Thanks to AtariAge for its 2003 Stan's Atari Excellence Awards, commemorating "fascinating advancements in Homebrews, Hacks, Programming Technology, [and] Hardware" for the Atari 2600 in the last year. Highlights include Hack Of The Years for Adventure Plus ("an incredible example of taking a game you know by heart and giving it new life"), and Homebrew Of The Year for Star Fire ("an exceptional port that actually improves on its classic predecessor.")

3 of 19 comments (clear)

  1. One to watch out for.... by curtisk · · Score: 4, Informative
    if you are into the whole retro gaming scene is the excellent looking (and so far, playing) Adventure 2 for the Atari 5200. Where the 2600 is a bit more on the difficulty curve to program, the 5200 is nice that it is basically the same as the Atari 800 computer, so programming is a bit easier allowing the developers to push it further

    If you happened to visit the recent Philly Classic you'd know that there is a tsunami of homebrew activity on the 2600, which is both good and bad IMHO as some titles feel and play like shovelware

    --

    Sehr geehrter Toilettenbenutzer!

  2. Re:NES equivilent? by radimvice · · Score: 5, Informative

    Is there an equivilent hacking/programming culture for the NES? That'd rule big time.
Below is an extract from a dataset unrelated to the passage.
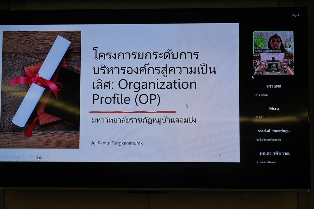 วันที่ 20 ตุลาคม 2568 ผู้ช่วยศาสตราจารย์ อรรถพล อุสายพันธ์ รักษาราชการแทนอธิการบดี มหาวิทยาลัยราชภัฏหมู่บ้านจอมบึง เป็นประธานในการเปิดโครงการ “ยกระดับการบริหารองค์กรสู่ความเป็นเลิศด้วย Organization Profile สำหรับผู้บริหาร” ประจำปีการศึกษา 2568 ผ่านระบบออนไลน์ โดยมีคณะผู้บริหารและทีมงานจาก สำนักงานประกันคุณภาพการศึกษาเข้าร่วมการประชุม ณ ห้องประชุมทรัพย์คิรี ชั้น 3 อาคารอำนวยการ มหาวิทยาลัยราชภัฏหมู่บ้านจอมบึง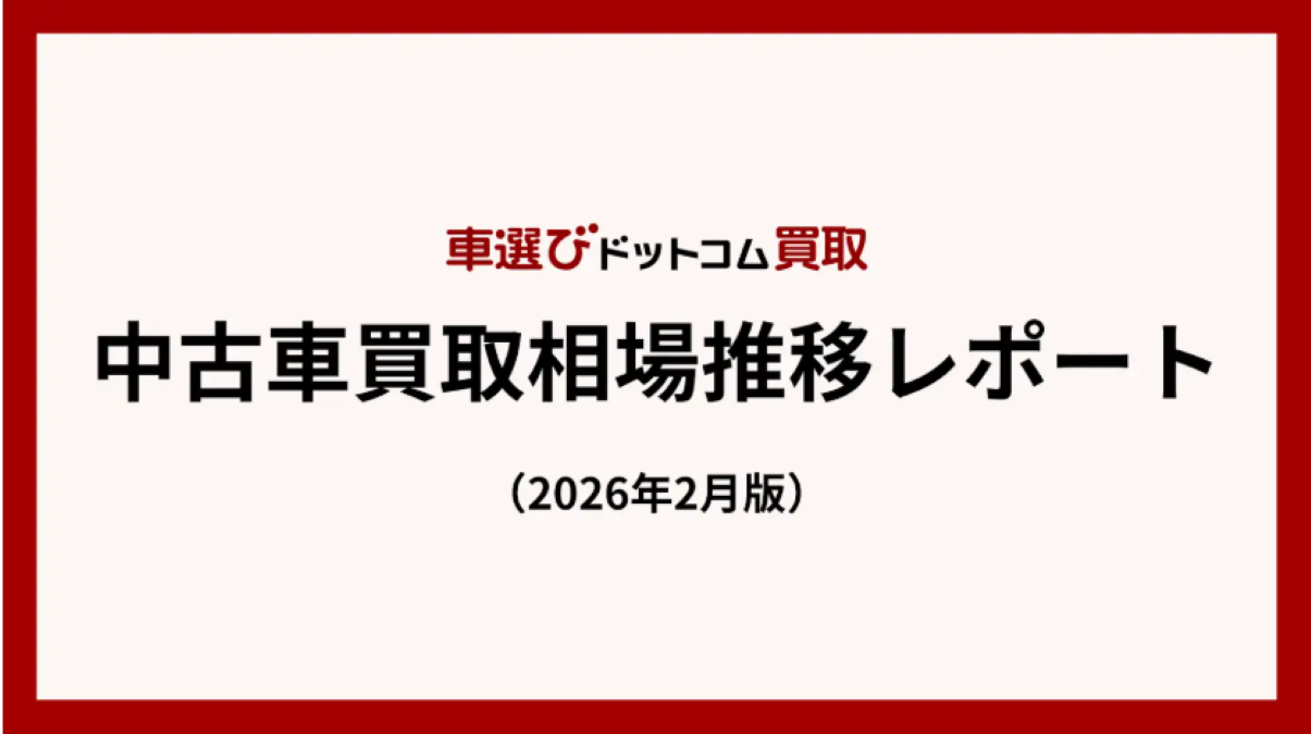 株式会社ファブリカコミュニケーションズが運営する中古車査定サイト「車選びドットコム買取」は、過去2~5年の中古車買取データをもとに、2026年2月以降の中古車買取相場の見通しをまとめたレポートを公開した。レポートによると、中古車買取相場は年明けに過去5年で最高値を更新し、平均買取価格は110万円を超えた。2月には115万円近くまで上昇する見込みであり、高値圏での推移が続くと予測されている。

    Indeed there is. The NES hacking community has done amazing things with classic games such as Metroid and the Mario, Zelda and Megaman series. The community has evolved from simple graphics and text hacking to recreating entirely new challenging levels, intricate assembly code modifications (ever wanted to play Megaman in time-attack mode, or Mario 3 with a day/night system?), and there are even some interesting homebrewn games in development. Check out The Challenge Games Community for a good starting place. Be sure to check out Mario Adventure and Zelda Challenge as two good examples of high-quality hacks.

    There's also an older community dedicated to producing translations of Japanese console games that do similarly intense hacks to NES games, but with a more practical objective. The Whirlpool is a good starting point here. Check out FFII,III,IV (hard type),V, Star Ocean, Seiken Densetsu 3, Tales of Phantasia and Dragon Quest V,VI for some of the completed translations of high-profile games.

  3. Re:NES equivilent? by ClosedSource · · Score: 2, Informative

    I might add that many 2600 developers were working from reverse-engineered specs so that made it even more difficult.